A recent Dutch study found preoperative infection or inflammation to be associated with worse outcomes in cystic fibrosis (CF) patients undergoing lung transplantation surgery. This finding might help clinicians better estimate risk before such surgery. The study, titled “Pretransplant HRCT Characteristics Are Associated with Worse Outcome of Lung Transplantation for Cystic Fibrosis Patients,“ was published in the journal PLOS ONE.
The study enrolled 53 patients scheduled for lung transplantation surgery at University Medical Centre, in Utrecht, the Netherlands. The team assessed their preoperative status using high-resolution computed tomography (HRCT) in combination with the severe advanced lung disease score (SALD), allowing it to analyze infection/inflammation, air trapping/hypoperfusion, normal/hyperperfusion, and bulla/cysts. Patients also underwent a physical examination, a diabetes screening, and a detailed overview of disease history.
The team found that patients with a dominant preoperative infection or inflammatory disease, according to the SALD score, were more likely to die from postoperative complications. In total, of the patients analyzed, 50% of those with infectious/inflammatory diseases died within one week after the transplant, compared to only 5% of patients with no signs of a dominant infection or inflammation.
Researchers also reported that patients with a dominant preoperative infection or inflammation received more packed red blood cells compared to other patients. In addition, more diabetic patients were found in the group with infection or inflammation, but — likely due to the small size of the study — the team could not prove a statistically significant difference.
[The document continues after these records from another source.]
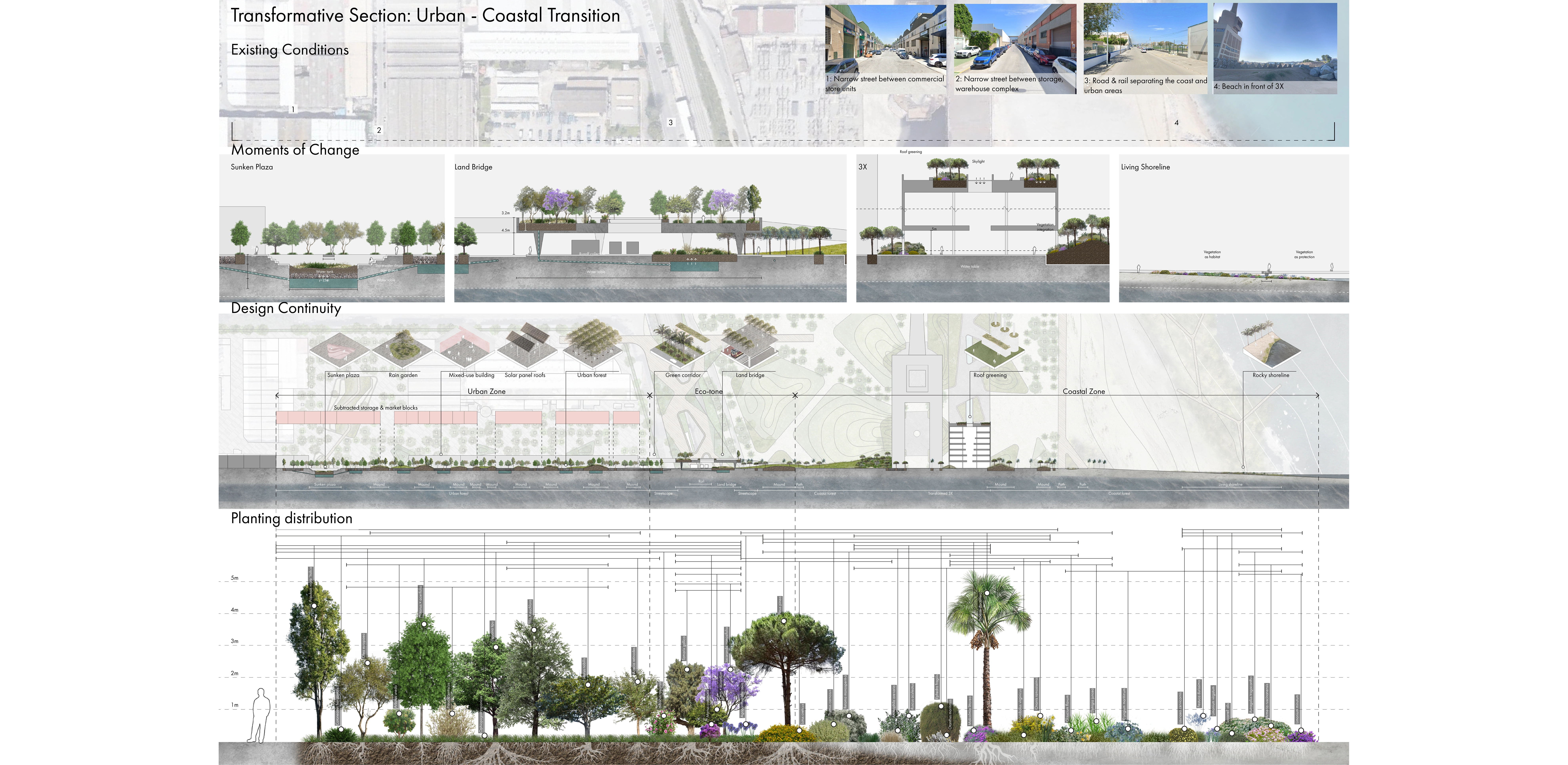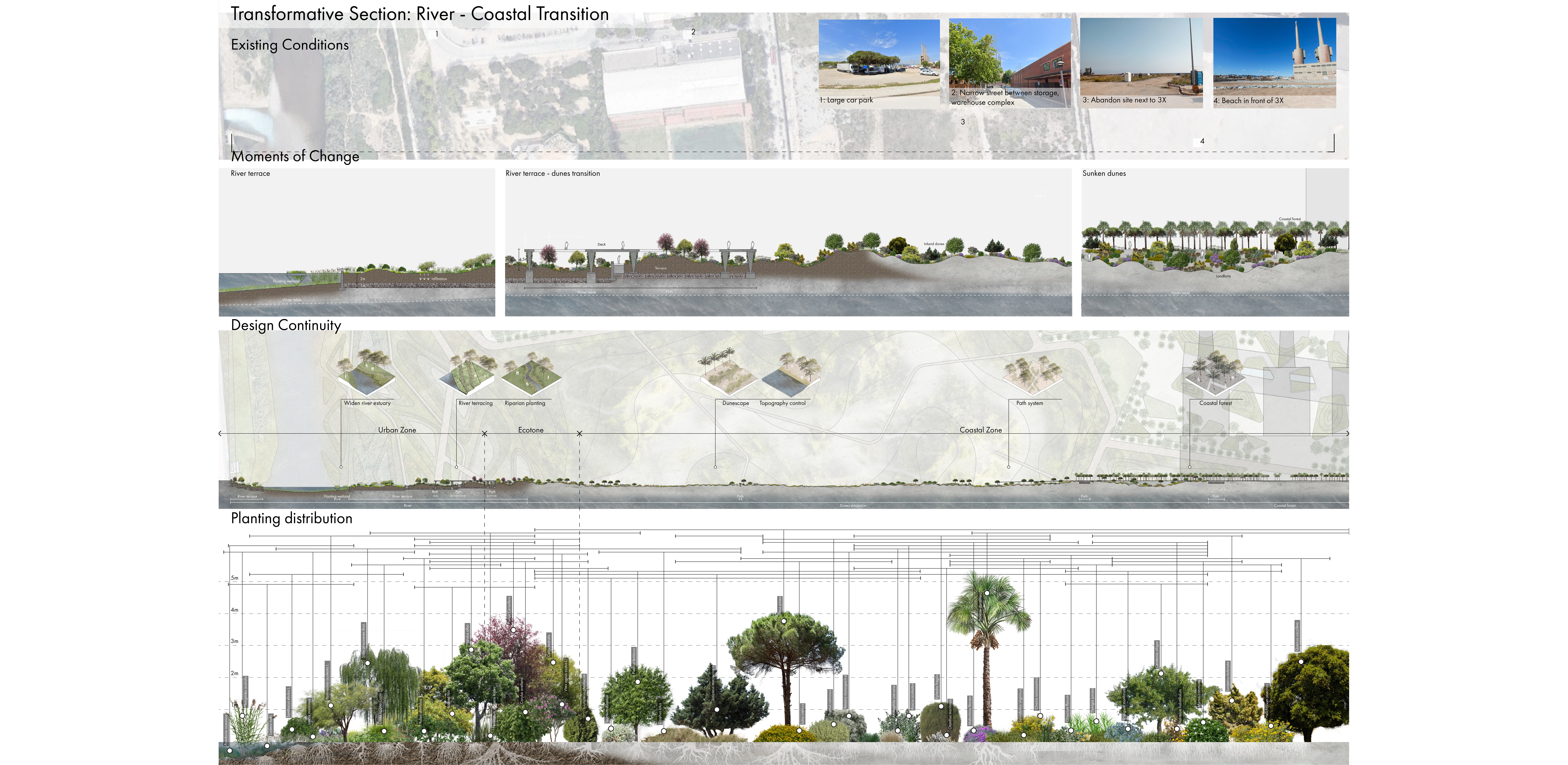 From these typologies there is a level of hierarchy in which some modules are more extensive and instrumental to the overall design of the region such as the dunes simulation, the networks of water tanks and stormwater drainage system that connects the 3 zones, river terracing and sunken plazas that has a diverse set of performative qualities serving as retention ponds but also Mediterranean rain gardens with vegetation. These became the building blocks, the assemblage of the design that begins to build resiliency with anticipation of flooding and sea level rise from climate change but also promote sustainable development that active integrates and enhances local biodiversity while at the same time provide a robust site programming that enables diversity and inclusion.
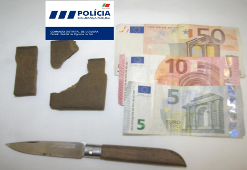 Foi encontrado na posse do indivíduo, residente na zona de Abrunheira, vários pedaços de um produto de cor castanha com as características de “haxixe” e que, após teste de despistagem para estupefaciente, foi confirmada a natureza do produto, tendo sido apreendido um total de 305 doses individuais de haxixe, uma determinada quantia em dinheiro (que se supõe ser proveniente da atividade ilícita) e uma navalha com vestígios do referido produto. (Compilação de Nota de Imprensa enviada pelo Comando Distrital de Coimbra da PSP)
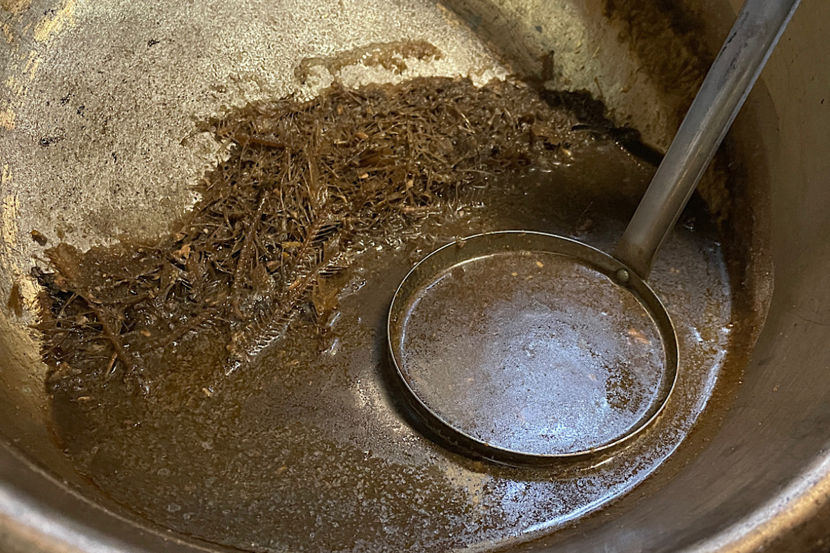 実を言うと昨年から鮎乃家では鮎しょっつる(魚醤)を研究しています。先日仕込んでから一年寝かせた鮎しょっつるを精製しました。改良は必要なものの手応えを感じる味わいだったので、近い将来、鮎しょっつるで味付けした鮎出汁もできるかもしれません。こちらも長い目で楽しみにしていてくださればと思います。

Scientists also observed that patients with more pleural thickening had more complications during surgery and required more blood transfusion.
The authors of the study, Gerdien Belle-van Meerkerk and colleagues from the Utrecht University Medical Centre, believe that if the results are confirmed in other studies, HRCT can be a useful tool for assessing preoperative and postoperative risk in lung transplant patients with CF. The technique is currently not widely used for perioperative risk estimations.
The team further suggested that the role of diabetes in the development of large airway disease and complications during lung transplantation should be investigated in more detail, as the condition might increase the risk for transplant-related mortality due to higher rates of pulmonary infections.